而是笑了笑說:“相請不如偶遇,久聞禪師佛法高明,秀心對這些只讀了個囫圇,不解深意,若是大師有閑暇,可否解惑一二。”

石之軒道:“佛法讀的再多,又有何用?”他說:“倒不如統統撕了的好。”說到這裏,他眼中帶上了三分狂傲,碧秀心不揭穿他,他卻不耐煩與她演戲了。這個時候,他有空去撩碧秀心,還不如考慮一下一統魔門的大業。

而且這個時候,宋缺已經找到席應了。

石之軒可以感應到宋缺的氣息移動。

江離當然也可以。

她饒有興致的看了過去。

在她腦海中,呈現出了一個立體的,與眼中看到並不太相同的世界。

碧秀心此時《慈航劍典》修為尚不到家,卻是遜上一籌,感應有些模糊,只能確定大概範圍而已。在她看來,只能確定宋缺在城中,但這對此時毫無幫助,只是廢話而已。

宋缺輕功厚重樸實,但走起來並不慢,他又是拼力而為,直接縱身越過城墻,往人群哭喊聲最濃的地方去,自然一下子就找著了他。

席應此時正在強攻宋家主宅。

他在城中肆虐一陣,開始還痛快,後來便覺得這些人對宋缺並不重要,傷不到筋骨,因此換了目標。半個時辰過去,小菜吃了,當然就該上正餐了。

如今石之軒許諾的一個時辰,才過去一半多,席應仍然十分囂張。他知道石之軒這種人,話從來不肯說滿,而且他既然答應了,至少這個時候不可能翻臉,因此決定滿一個時辰便走,卻沒有想到石之軒轉身就把他給賣了。

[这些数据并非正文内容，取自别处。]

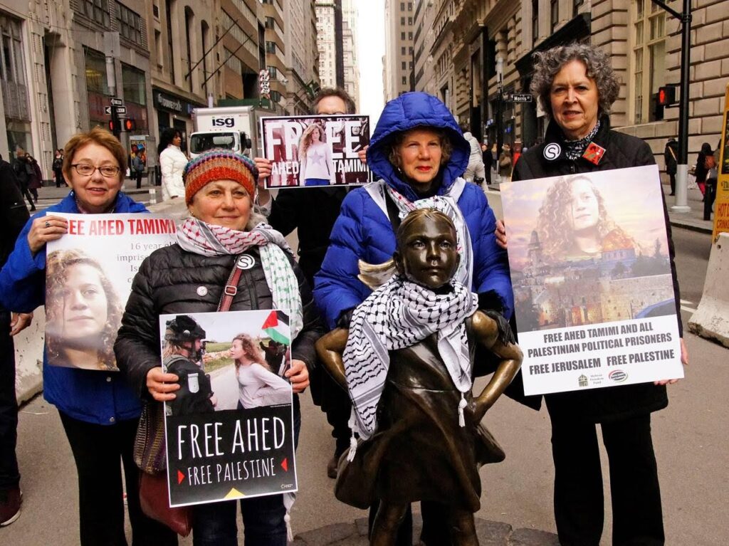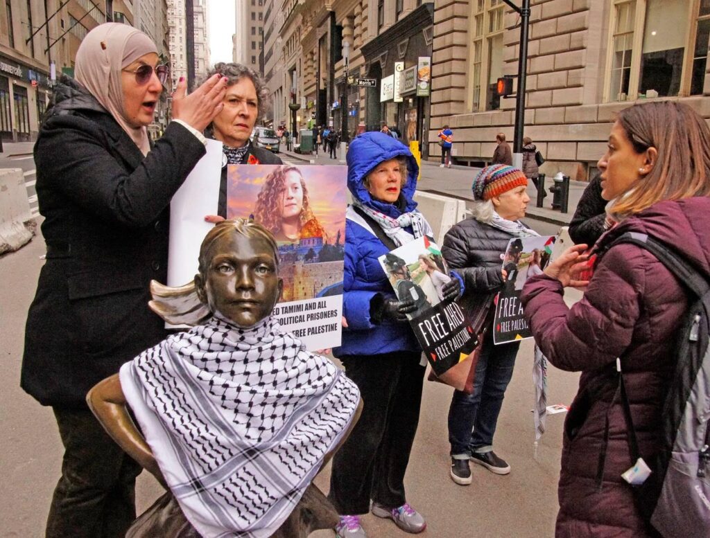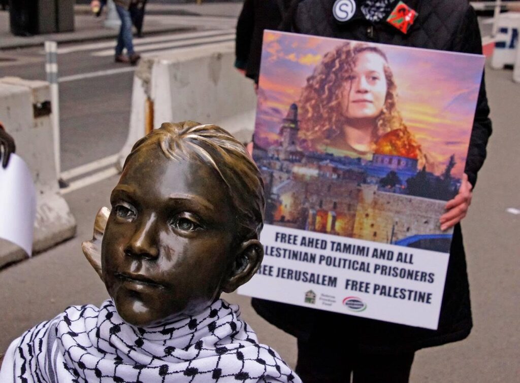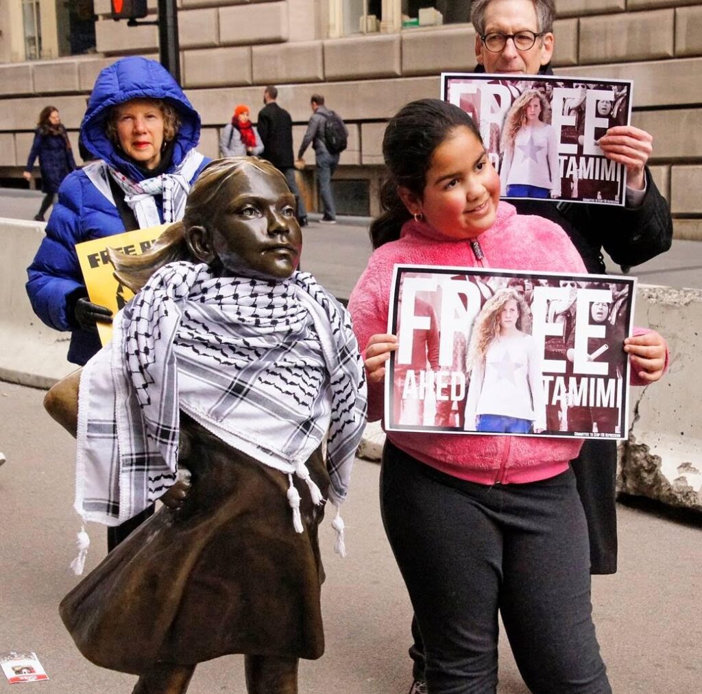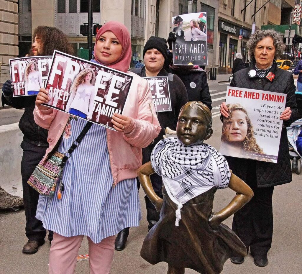New Yorkers gathered at the “Fearless Girl” statue on Wall Street on 9 April to salute a true example of a fearless girl, 17-year-old imprisoned Palestinian activist Ahed Tamimi. A group of activists with Samidoun Palestinian Prisoner Solidarity Network gathered with signs and information about Ahed’s case on 9 March, draping the statue with a keffiyeh to represent Ahed. The statue, which faces the Wall Street “bull” of the stock market, is a famous attraction and many tourists and passers-by visit it on a daily basis.

前一刻,席應還把宋智和解暉當猴子耍弄,下一刻,席應正面迎上了宋缺。

暴怒的宋缺。

宋缺周身的壓力凜然如淵海,浩浩蕩蕩似長江,就這麽挾持而來。好好地白日,雨也停了,此時仿佛受到他心情的影響,竟是黑沈沈的一片。天空仿佛都響起了本不存在的驚雷聲,整片天地都在顫抖。

他手上握著刀。

從越過山崖開始,宋缺的刀便在手上,沒有拿下。

席應楞了一下。

作為一個高手,本不該犯下這樣的錯誤,但是自從敗給宋缺,這便仿佛成了他的心魔。以至於心中想到宋缺他就有不斷地火氣往外冒,而一看到宋缺,他頓時又慫了。哪怕再想把宋缺千刀萬剮,他打不過宋缺,甚至要死在宋缺手上,這才是不爭的事實。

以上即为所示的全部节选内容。